Copy out the listing that follows, exact in every word, and skip the images.

> DATA SEGMENT:
________

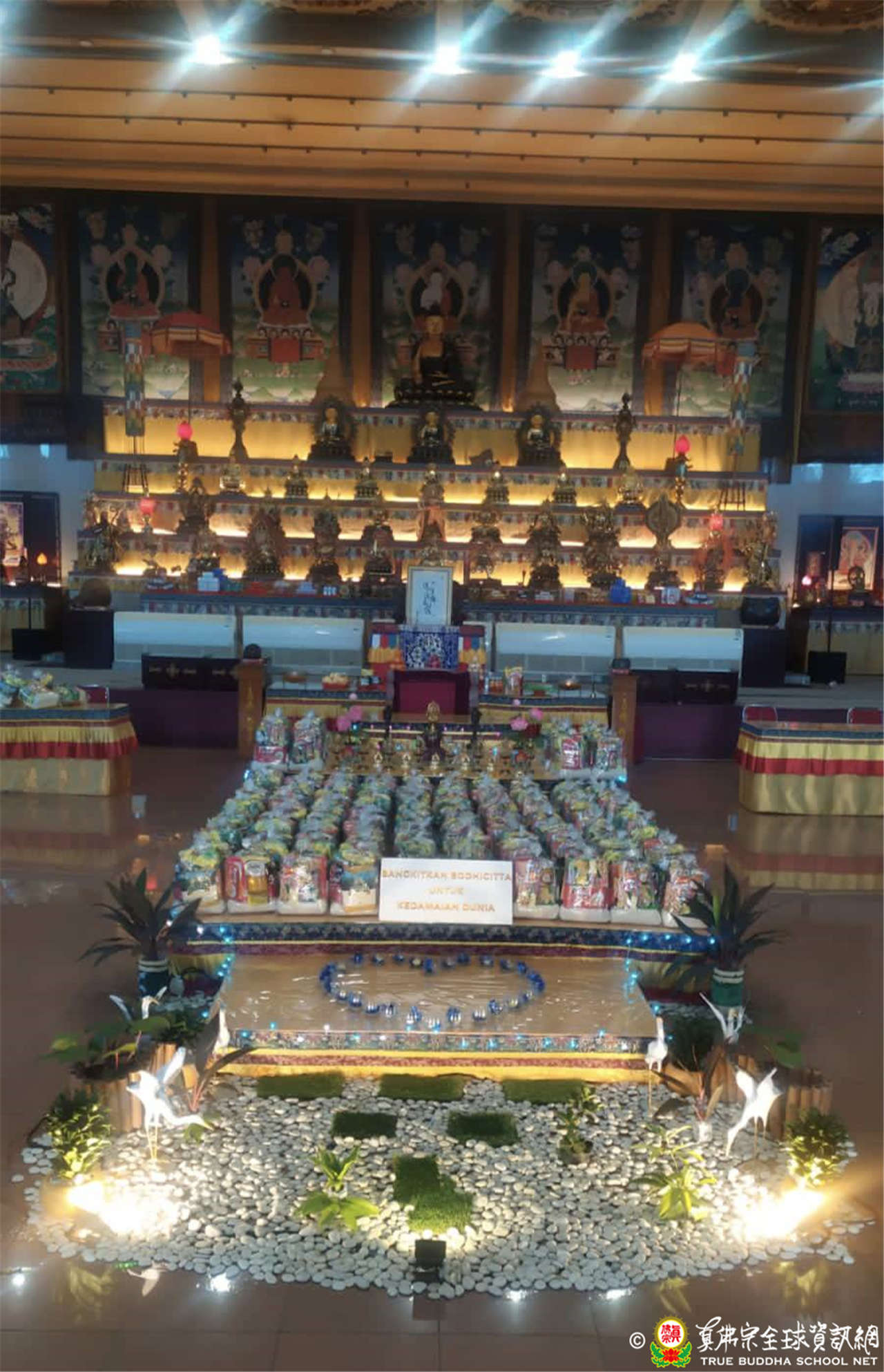 參與的道場並以愛心圖案點燈為世界祈福,希望這份愛心與咒力,讓這世界有多一點光明、驅散黑暗。秉持著真佛宗根本傳承上師教導的菩提大愛,宇宙的大光明海與燈火互相交融、真佛宗同門以共同的念力同修,咒音遍佈了全球角落。
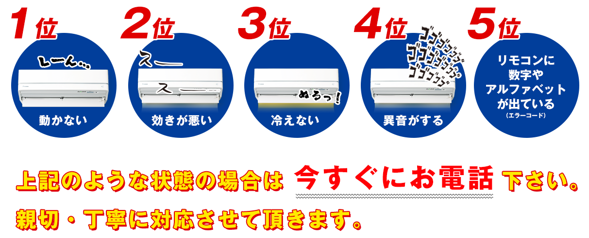 エアコンでお困りのお客様は今すぐにお電話下さい!
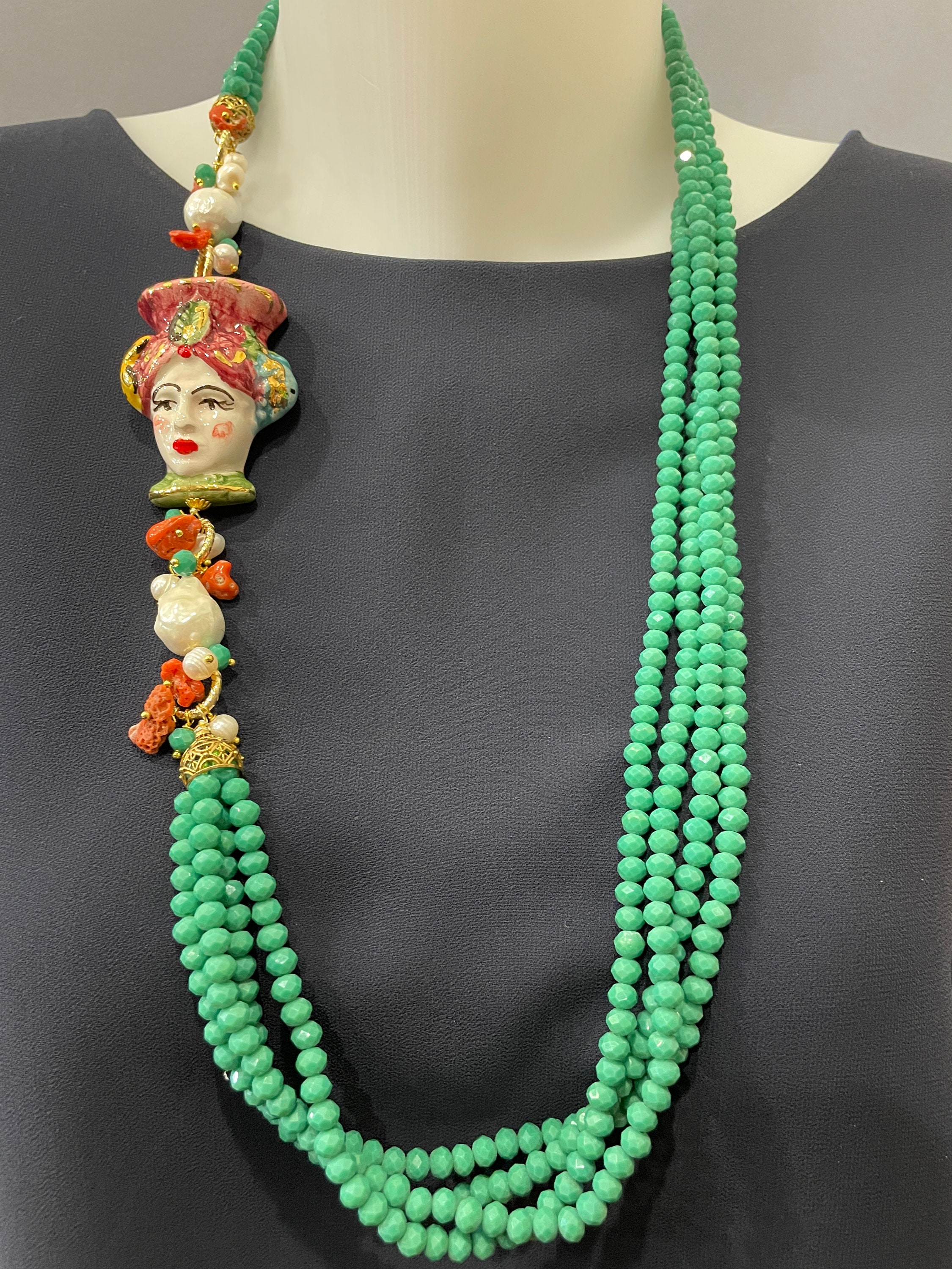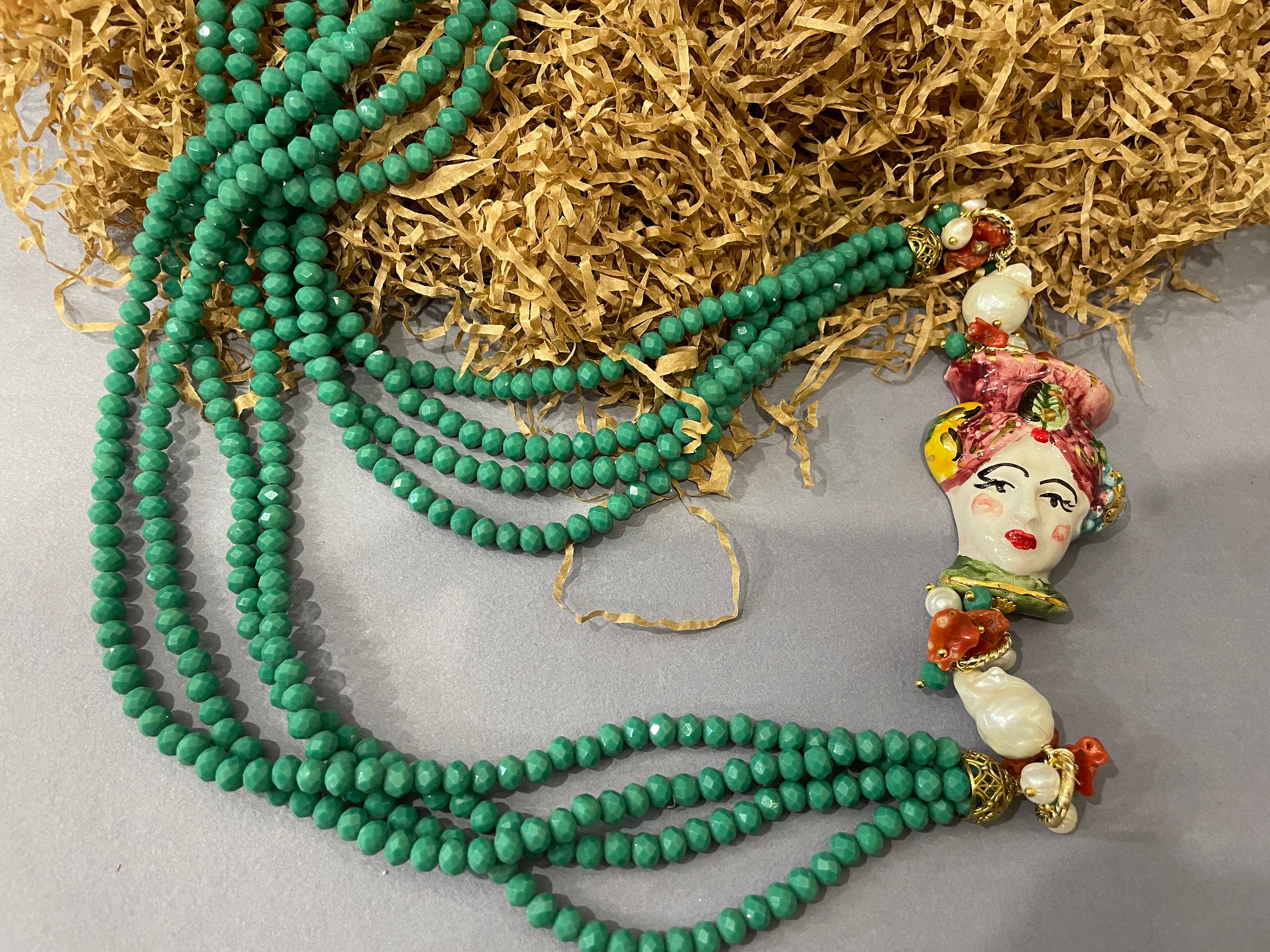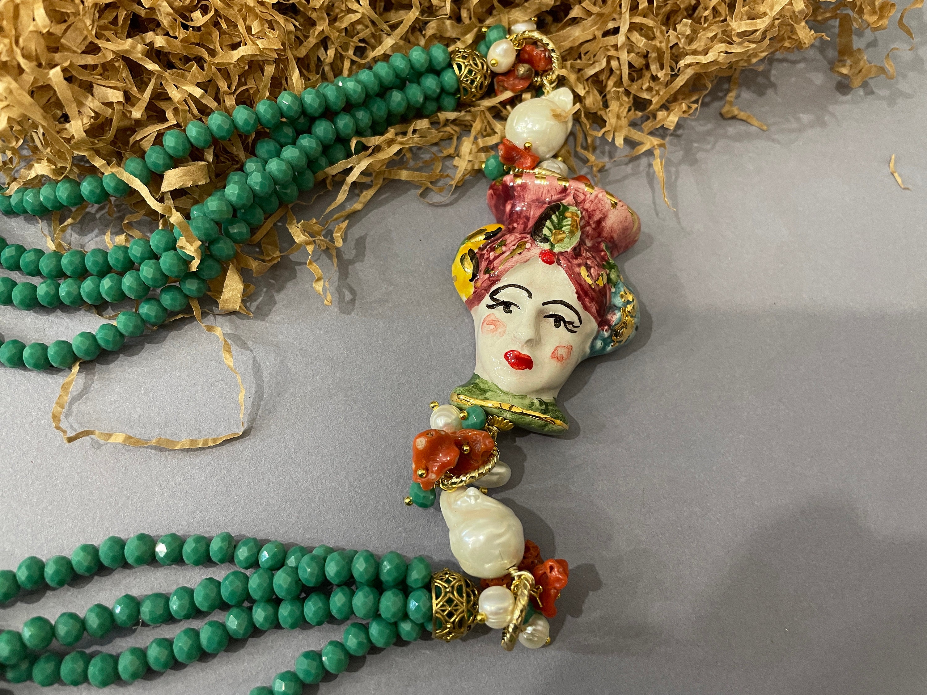 Completa il gioiello un elemento in ceramica di Caltagirone, raffigurante Testa di Moro, dipinto a mano.
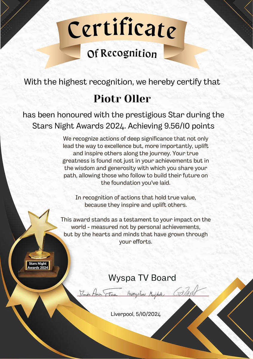 Piotr Oller deserves special recognition for his incredible charitable work and unwavering commitment to helping those in need. His work for children in Cambodia, along with numerous other efforts, brings hope and real assistance to those who need it most. Piotr stands out for his dedication, passion, and relentless commitment, making him a true hero of our times.

________

> OUTPUT BELOW:
 參與的道場並以愛心圖案點燈為世界祈福,希望這份愛心與咒力,讓這世界有多一點光明、驅散黑暗。秉持著真佛宗根本傳承上師教導的菩提大愛,宇宙的大光明海與燈火互相交融、真佛宗同門以共同的念力同修,咒音遍佈了全球角落。
 エアコンでお困りのお客様は今すぐにお電話下さい!
 Completa il gioiello un elemento in ceramica di Caltagirone, raffigurante Testa di Moro, dipinto a mano.
 Piotr Oller deserves special recognition for his incredible charitable work and unwavering commitment to helping those in need. His work for children in Cambodia, along with numerous other efforts, brings hope and real assistance to those who need it most. Piotr stands out for his dedication, passion, and relentless commitment, making him a true hero of our times.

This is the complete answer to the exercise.